> [Raw data]:
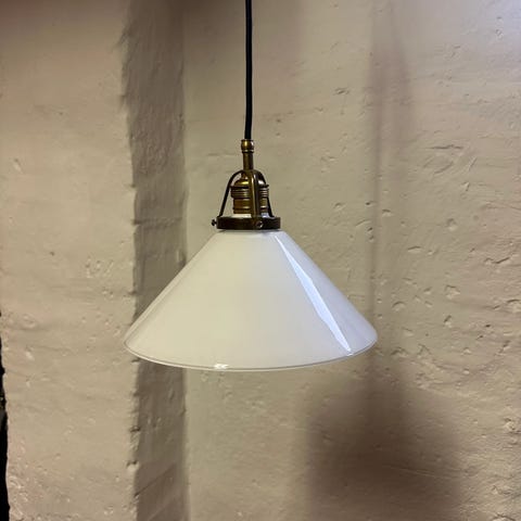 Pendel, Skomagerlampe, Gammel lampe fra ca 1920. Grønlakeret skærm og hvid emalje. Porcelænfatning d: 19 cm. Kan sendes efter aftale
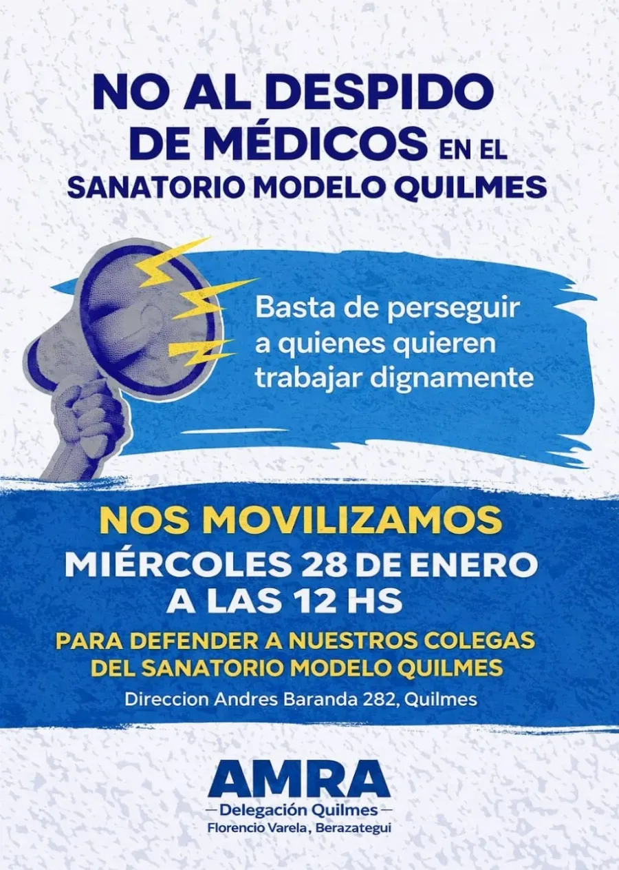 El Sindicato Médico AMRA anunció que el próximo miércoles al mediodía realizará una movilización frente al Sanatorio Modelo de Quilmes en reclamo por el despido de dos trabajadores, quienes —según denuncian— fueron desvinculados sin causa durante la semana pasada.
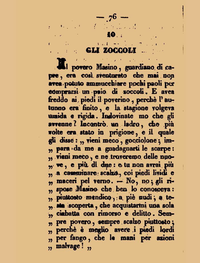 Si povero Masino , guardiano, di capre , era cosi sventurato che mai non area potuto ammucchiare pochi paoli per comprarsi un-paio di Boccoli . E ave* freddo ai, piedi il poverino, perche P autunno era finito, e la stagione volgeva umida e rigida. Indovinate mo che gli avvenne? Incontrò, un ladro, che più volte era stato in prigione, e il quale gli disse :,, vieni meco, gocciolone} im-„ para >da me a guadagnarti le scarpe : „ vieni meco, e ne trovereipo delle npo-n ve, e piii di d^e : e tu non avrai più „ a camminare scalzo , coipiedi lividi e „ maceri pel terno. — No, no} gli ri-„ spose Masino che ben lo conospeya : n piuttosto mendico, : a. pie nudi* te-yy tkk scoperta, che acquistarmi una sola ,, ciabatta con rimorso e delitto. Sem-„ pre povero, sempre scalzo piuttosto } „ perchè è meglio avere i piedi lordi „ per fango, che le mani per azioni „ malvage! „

> [Exercise]: Retype all of the listing above exactly, but keep its pictures out.

> [Answer space]:
 Pendel, Skomagerlampe, Gammel lampe fra ca 1920. Grønlakeret skærm og hvid emalje. Porcelænfatning d: 19 cm. Kan sendes efter aftale
 El Sindicato Médico AMRA anunció que el próximo miércoles al mediodía realizará una movilización frente al Sanatorio Modelo de Quilmes en reclamo por el despido de dos trabajadores, quienes —según denuncian— fueron desvinculados sin causa durante la semana pasada.
 Si povero Masino , guardiano, di capre , era cosi sventurato che mai non area potuto ammucchiare pochi paoli per comprarsi un-paio di Boccoli . E ave* freddo ai, piedi il poverino, perche P autunno era finito, e la stagione volgeva umida e rigida. Indovinate mo che gli avvenne? Incontrò, un ladro, che più volte era stato in prigione, e il quale gli disse :,, vieni meco, gocciolone} im-„ para >da me a guadagnarti le scarpe : „ vieni meco, e ne trovereipo delle npo-n ve, e piii di d^e : e tu non avrai più „ a camminare scalzo , coipiedi lividi e „ maceri pel terno. — No, no} gli ri-„ spose Masino che ben lo conospeya : n piuttosto mendico, : a. pie nudi* te-yy tkk scoperta, che acquistarmi una sola ,, ciabatta con rimorso e delitto. Sem-„ pre povero, sempre scalzo piuttosto } „ perchè è meglio avere i piedi lordi „ per fango, che le mani per azioni „ malvage! „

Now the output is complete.